With the pictures left out, please return exactly the line holding "Yokogawa PS401-0101 Power" and each following line until the entries end.

───── Entries shown

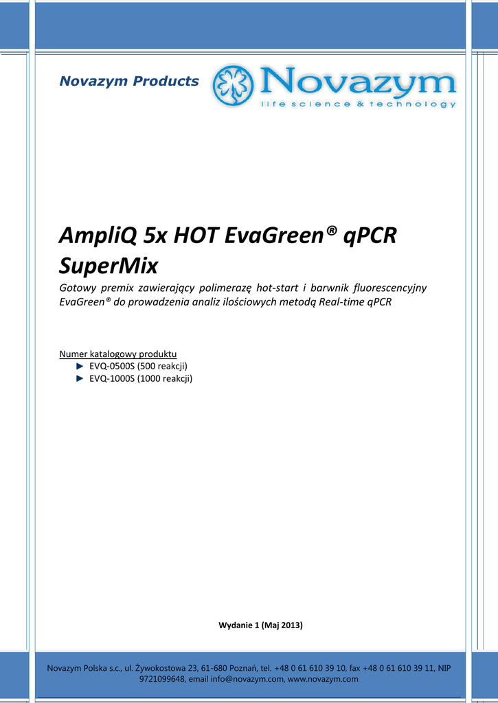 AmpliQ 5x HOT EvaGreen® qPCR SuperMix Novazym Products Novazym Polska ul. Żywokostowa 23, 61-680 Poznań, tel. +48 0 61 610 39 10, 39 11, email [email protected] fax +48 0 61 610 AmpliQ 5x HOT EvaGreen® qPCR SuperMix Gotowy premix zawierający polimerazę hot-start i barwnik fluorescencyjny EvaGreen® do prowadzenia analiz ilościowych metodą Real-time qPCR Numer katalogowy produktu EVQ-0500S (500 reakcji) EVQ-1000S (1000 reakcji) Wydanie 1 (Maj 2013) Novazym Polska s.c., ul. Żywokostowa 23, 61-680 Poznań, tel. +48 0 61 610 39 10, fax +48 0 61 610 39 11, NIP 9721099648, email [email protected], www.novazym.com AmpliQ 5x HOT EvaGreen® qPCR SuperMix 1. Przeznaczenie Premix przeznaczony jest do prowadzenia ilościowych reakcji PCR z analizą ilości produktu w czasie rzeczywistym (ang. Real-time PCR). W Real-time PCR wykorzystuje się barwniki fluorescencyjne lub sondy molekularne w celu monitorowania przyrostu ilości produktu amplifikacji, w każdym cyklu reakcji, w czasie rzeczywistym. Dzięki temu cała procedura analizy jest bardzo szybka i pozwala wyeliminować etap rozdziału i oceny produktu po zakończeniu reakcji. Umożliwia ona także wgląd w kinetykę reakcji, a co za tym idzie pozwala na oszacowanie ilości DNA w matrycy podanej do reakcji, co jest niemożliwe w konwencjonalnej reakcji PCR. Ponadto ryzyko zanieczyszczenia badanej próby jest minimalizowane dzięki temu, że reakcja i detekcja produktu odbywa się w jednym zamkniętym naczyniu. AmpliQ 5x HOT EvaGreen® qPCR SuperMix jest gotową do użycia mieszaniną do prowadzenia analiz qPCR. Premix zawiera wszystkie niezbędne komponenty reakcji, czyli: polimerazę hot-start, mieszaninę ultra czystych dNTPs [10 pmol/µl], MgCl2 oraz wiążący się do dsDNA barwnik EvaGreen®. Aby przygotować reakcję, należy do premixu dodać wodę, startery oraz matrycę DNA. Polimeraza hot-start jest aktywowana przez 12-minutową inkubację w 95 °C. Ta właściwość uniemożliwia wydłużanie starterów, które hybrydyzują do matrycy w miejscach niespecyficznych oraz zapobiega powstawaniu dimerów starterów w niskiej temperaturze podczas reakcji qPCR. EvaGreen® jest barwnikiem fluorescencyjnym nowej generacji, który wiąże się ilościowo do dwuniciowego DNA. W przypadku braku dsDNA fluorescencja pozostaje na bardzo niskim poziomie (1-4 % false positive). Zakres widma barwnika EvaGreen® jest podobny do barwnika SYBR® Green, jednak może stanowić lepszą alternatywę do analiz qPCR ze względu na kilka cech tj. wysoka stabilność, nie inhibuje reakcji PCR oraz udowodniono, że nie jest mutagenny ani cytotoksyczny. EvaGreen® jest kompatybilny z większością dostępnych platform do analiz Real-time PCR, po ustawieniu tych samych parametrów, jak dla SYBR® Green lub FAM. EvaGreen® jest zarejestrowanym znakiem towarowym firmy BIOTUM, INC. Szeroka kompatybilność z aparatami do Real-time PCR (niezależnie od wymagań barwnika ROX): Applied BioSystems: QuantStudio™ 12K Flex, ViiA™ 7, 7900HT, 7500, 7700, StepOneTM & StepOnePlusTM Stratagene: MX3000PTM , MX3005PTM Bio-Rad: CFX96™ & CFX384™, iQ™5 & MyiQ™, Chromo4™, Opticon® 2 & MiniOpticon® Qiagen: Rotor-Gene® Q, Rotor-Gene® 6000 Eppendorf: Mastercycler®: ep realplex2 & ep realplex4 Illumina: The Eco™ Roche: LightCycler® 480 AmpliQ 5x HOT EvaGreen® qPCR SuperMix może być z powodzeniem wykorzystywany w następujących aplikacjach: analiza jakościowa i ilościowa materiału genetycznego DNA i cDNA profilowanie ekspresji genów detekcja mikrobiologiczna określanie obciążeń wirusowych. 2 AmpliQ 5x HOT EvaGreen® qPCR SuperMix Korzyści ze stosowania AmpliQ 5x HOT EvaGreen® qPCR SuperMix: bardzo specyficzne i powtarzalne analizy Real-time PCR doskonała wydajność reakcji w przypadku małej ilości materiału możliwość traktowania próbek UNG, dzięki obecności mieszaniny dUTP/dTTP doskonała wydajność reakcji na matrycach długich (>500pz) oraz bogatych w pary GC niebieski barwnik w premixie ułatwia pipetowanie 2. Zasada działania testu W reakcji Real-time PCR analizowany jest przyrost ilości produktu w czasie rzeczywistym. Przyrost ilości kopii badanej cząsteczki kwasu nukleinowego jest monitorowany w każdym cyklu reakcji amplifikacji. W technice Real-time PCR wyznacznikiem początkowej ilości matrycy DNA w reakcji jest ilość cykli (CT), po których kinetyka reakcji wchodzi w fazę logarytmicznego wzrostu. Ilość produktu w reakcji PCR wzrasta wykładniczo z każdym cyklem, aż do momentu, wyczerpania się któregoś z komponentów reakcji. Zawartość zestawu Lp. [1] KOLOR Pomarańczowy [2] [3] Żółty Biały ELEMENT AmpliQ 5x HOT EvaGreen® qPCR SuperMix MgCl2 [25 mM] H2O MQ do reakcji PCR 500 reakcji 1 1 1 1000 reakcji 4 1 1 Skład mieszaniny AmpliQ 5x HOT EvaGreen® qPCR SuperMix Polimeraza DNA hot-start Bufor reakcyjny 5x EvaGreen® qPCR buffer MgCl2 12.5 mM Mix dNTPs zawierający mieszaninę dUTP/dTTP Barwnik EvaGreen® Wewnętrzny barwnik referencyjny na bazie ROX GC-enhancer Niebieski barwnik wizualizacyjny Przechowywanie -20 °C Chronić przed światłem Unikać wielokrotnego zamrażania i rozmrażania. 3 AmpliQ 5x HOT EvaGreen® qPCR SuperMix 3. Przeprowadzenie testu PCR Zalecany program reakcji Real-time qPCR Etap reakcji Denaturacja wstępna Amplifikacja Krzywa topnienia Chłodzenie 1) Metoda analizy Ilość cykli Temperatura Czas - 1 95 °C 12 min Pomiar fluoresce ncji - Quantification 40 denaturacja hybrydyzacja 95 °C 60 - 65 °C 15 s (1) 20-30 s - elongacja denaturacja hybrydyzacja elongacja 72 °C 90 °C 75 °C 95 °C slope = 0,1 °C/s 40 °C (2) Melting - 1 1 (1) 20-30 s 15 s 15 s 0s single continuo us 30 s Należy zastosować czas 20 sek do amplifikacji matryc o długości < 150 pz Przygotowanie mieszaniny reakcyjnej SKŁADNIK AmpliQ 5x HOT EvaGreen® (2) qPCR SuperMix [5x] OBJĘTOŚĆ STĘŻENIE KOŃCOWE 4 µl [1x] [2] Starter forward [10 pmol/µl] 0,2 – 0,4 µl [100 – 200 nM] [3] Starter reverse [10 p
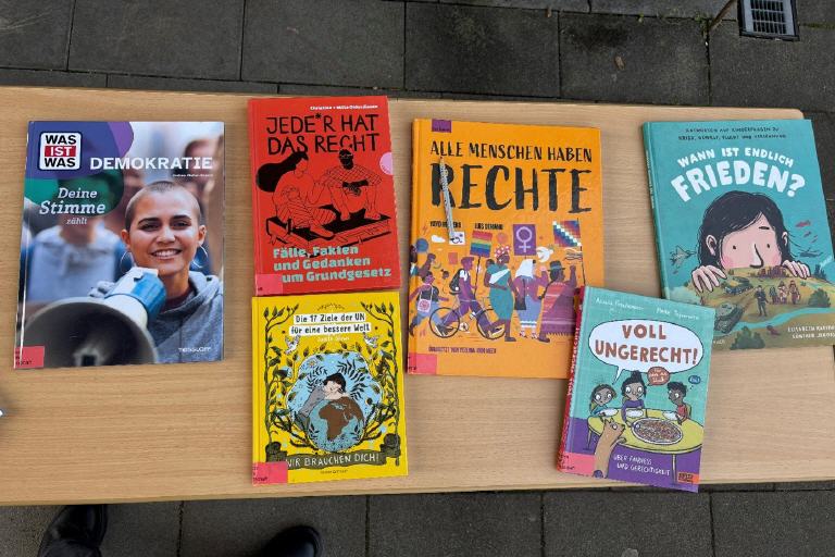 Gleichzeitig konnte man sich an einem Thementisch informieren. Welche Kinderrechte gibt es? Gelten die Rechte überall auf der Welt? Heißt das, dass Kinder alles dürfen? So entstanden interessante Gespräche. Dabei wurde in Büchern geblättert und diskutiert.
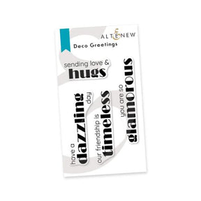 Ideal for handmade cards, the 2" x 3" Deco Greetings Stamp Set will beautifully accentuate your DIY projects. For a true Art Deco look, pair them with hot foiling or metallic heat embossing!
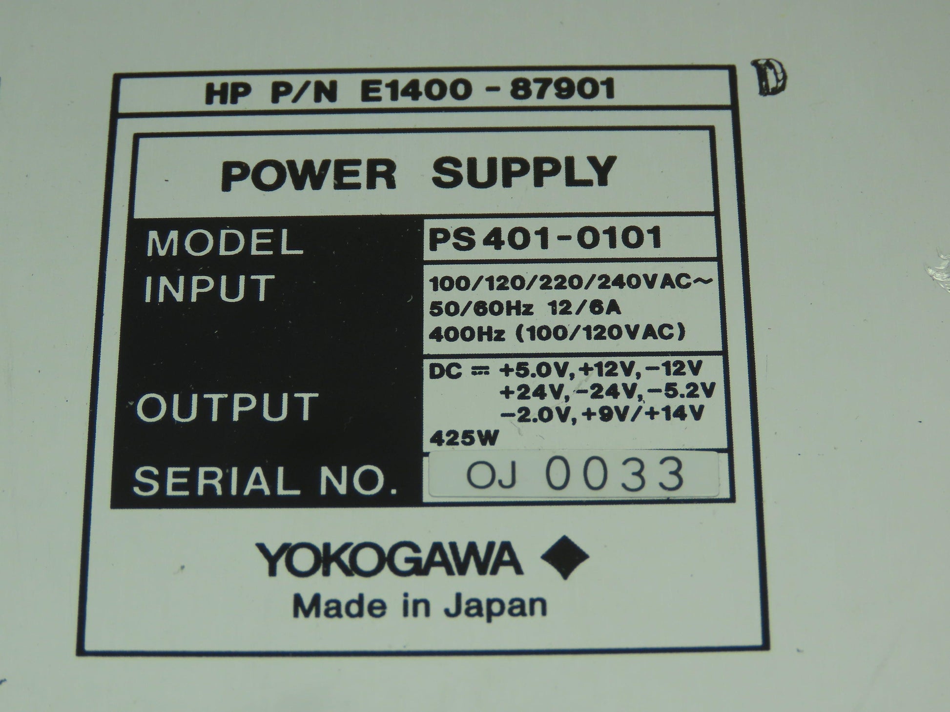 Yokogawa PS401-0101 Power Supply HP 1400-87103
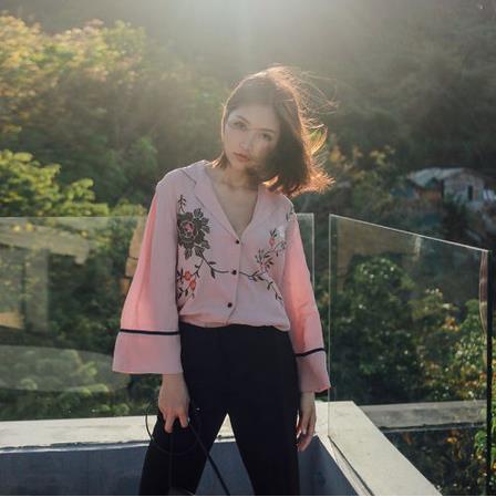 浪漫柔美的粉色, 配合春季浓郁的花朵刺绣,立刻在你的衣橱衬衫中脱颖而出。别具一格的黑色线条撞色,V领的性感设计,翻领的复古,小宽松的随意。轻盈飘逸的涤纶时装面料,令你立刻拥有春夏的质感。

──────────

--- Answer for the task ---
 Yokogawa PS401-0101 Power Supply HP 1400-87103
 浪漫柔美的粉色, 配合春季浓郁的花朵刺绣,立刻在你的衣橱衬衫中脱颖而出。别具一格的黑色线条撞色,V领的性感设计,翻领的复古,小宽松的随意。轻盈飘逸的涤纶时装面料,令你立刻拥有春夏的质感。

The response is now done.